P. marmorata is a spearer, so it does not have much of a punch. Actually, the tail spines are probably as dangerous as the raptorial appendages. Normal diving gloves should be more than adequate to protect a diver. When collecting spearers this size, I usually carry a 6-8'' ordinary green aquarium net and either a nylon net bag with a purse string or better a plastic water bottled (200 cc or so) with a several 1/8" holes drilled in it. Once I have a net over the animal, I grab it through the net, pick it up, and stick the head end into the bottle. When it is in, I close the lid and stick the bottle in my wetsuit. If the animal goes down a burrow, in softer mud and sand, since they are in a u-burrow, I can usually push my finger through the burrow until I see where the other end of the burrow is. I then put the net over that opening and keep pushing from the other end. They almost never strike and the dive glove is enough protection. Obviously you would not want to do this with a 10 inch Hemisquilla.

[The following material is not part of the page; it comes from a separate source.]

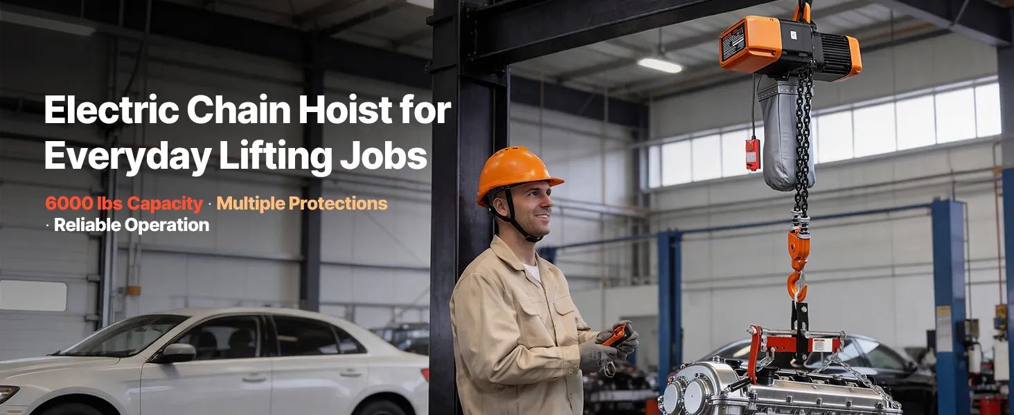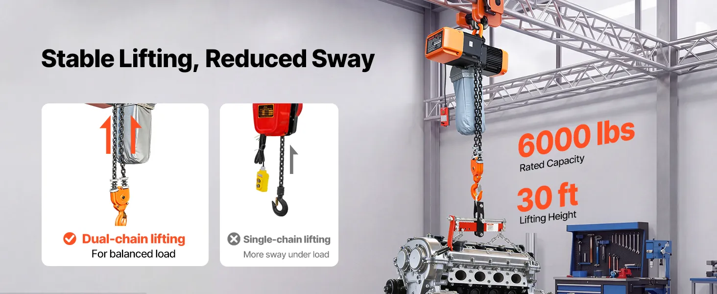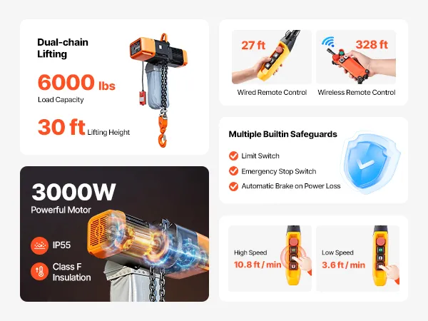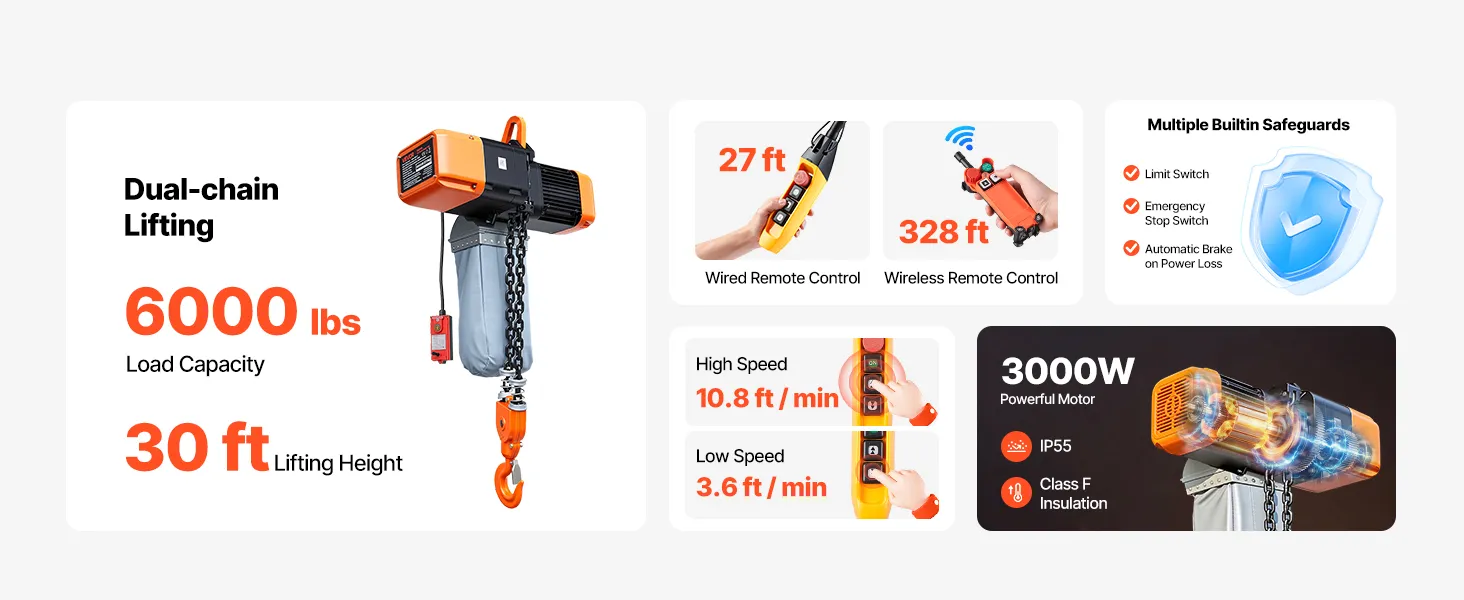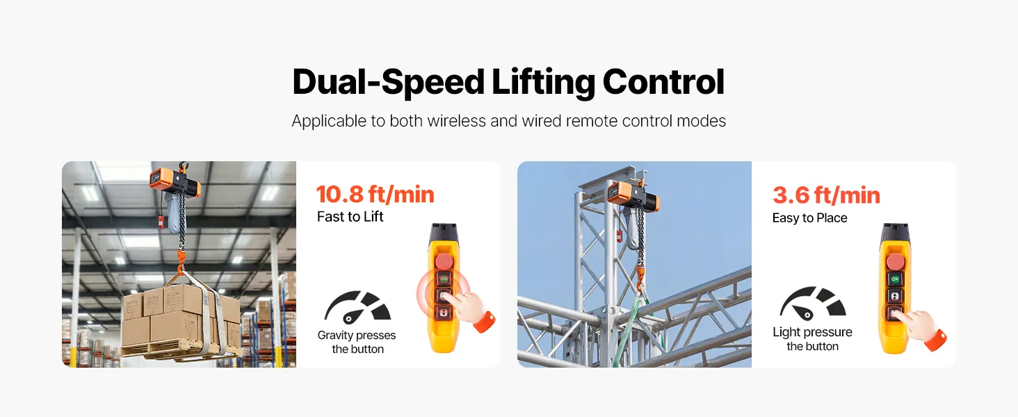 Il paranco elettrico a catena solleva fino a 2721 kg con doppia catena e altezza di 9 m, ideale per manutenzione e riparazioni quotidiane. La doppia velocità con controllo cablato e wireless garantisce posizionamento rapido e preciso. Le catene G100 assicurano un uso affidabile.
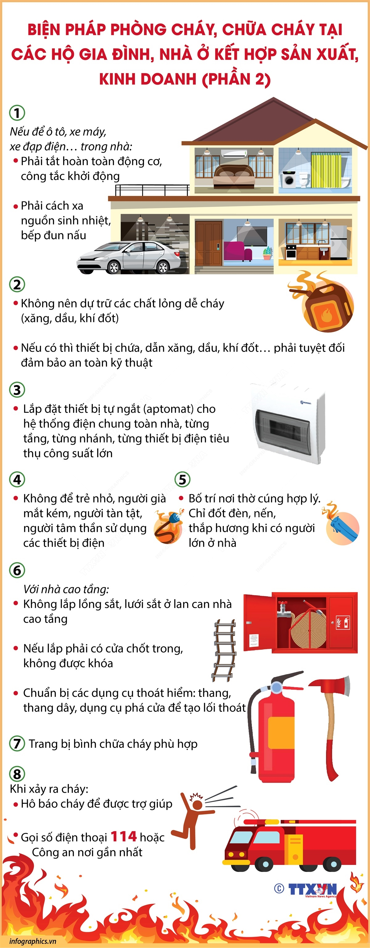 Biện pháp phòng cháy, chữa cháy tại các hộ gia đình, nhà ở kết hợp sản xuất, kinh doanh (phần 2)

For those guys, I usually use a noose placed in the entrance of the burrow and tease them out of the entrance with food, then noose them. From there they go into a large goodie bag.

Once I have the animal on the surface (no problem with the pressure change unless they have been stored in pressurized air which I once did in the Aquarius) they can be kept in a 2 liter water bottle with the cap open. Most mantis shrimp are very sensitive to organic chemicals, so we have to be careful to use clean buckets and containers that have never contained solvents or soaps.